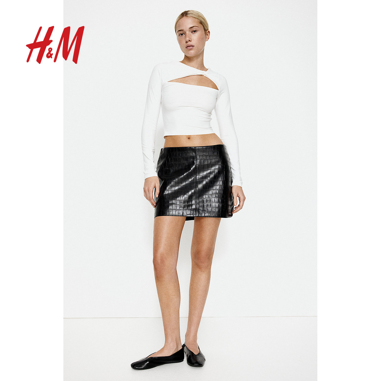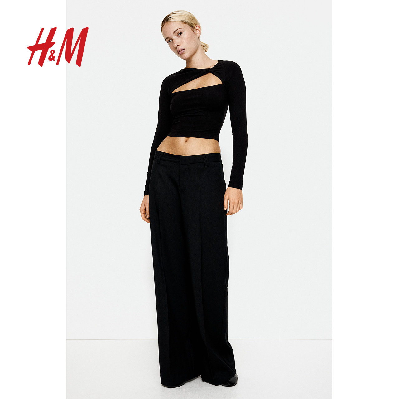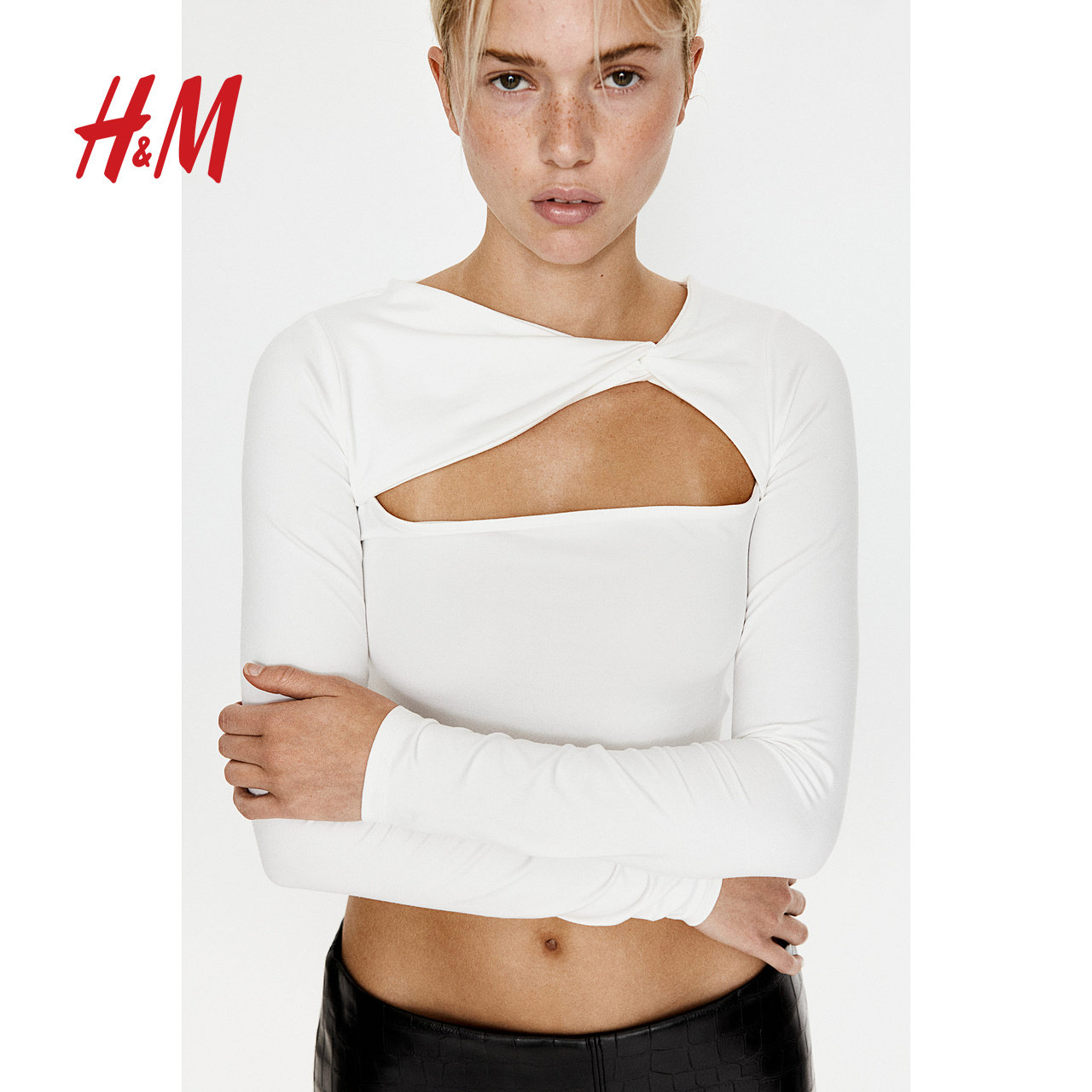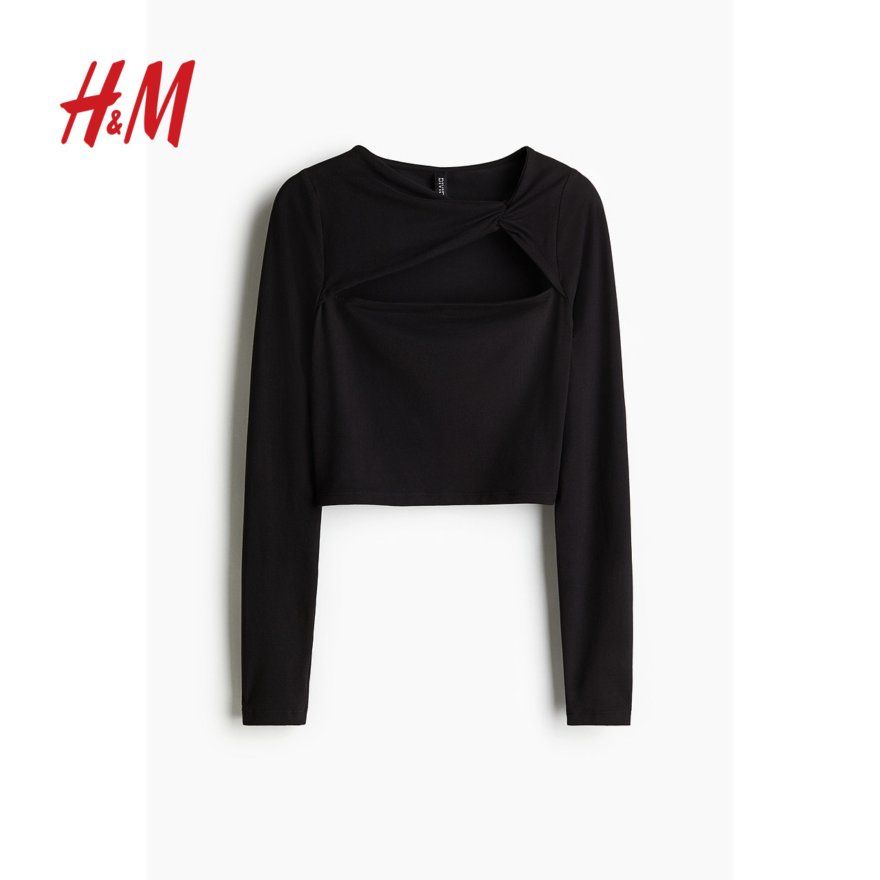 HM女装T恤冬季内搭打底衫扭结修身不对称领口时尚短上衣1291886
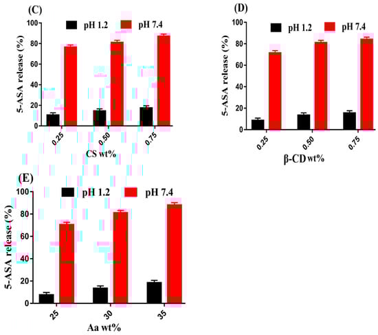 Effect of pH on (A) percent drug release from CS/β-CDcPAa hydrogel, (B) percent drug release from Pentasa, and effect of (C) CS, (D) β-CD, and (E) Aa on percent drug release from CS/β-CDcPAa hydrogel.
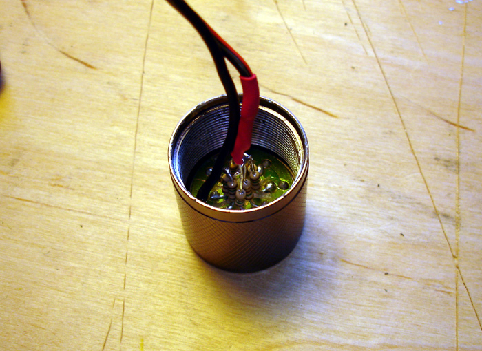 Ya podemos montar de nuevo la linterna, y conectarla al alimentador regulado a 6V, sin preocuparnos de la polaridad, como ya hemos indicado en posts anteriores (siempre que se hayan seguido las instrucciones de montaje dadas)
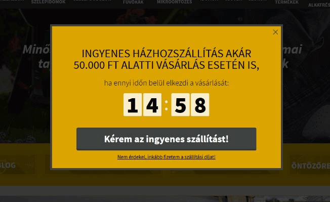 És végül, ne felejts el nagy fókuszt tenni a kosárelhagyókra! Az alábbi popup például a kosárelhagyó látogatókat sürgeti a vásárlás befejezésére.
======
INSTRUCTIONS TO FOLLOW >> Strip out the pictures and reproduce the remaining material above exactly.

REPLY >>
 HM女装T恤冬季内搭打底衫扭结修身不对称领口时尚短上衣1291886
 Effect of pH on (A) percent drug release from CS/β-CDcPAa hydrogel, (B) percent drug release from Pentasa, and effect of (C) CS, (D) β-CD, and (E) Aa on percent drug release from CS/β-CDcPAa hydrogel.
 Ya podemos montar de nuevo la linterna, y conectarla al alimentador regulado a 6V, sin preocuparnos de la polaridad, como ya hemos indicado en posts anteriores (siempre que se hayan seguido las instrucciones de montaje dadas)
 És végül, ne felejts el nagy fókuszt tenni a kosárelhagyókra! Az alábbi popup például a kosárelhagyó látogatókat sürgeti a vásárlás befejezésére.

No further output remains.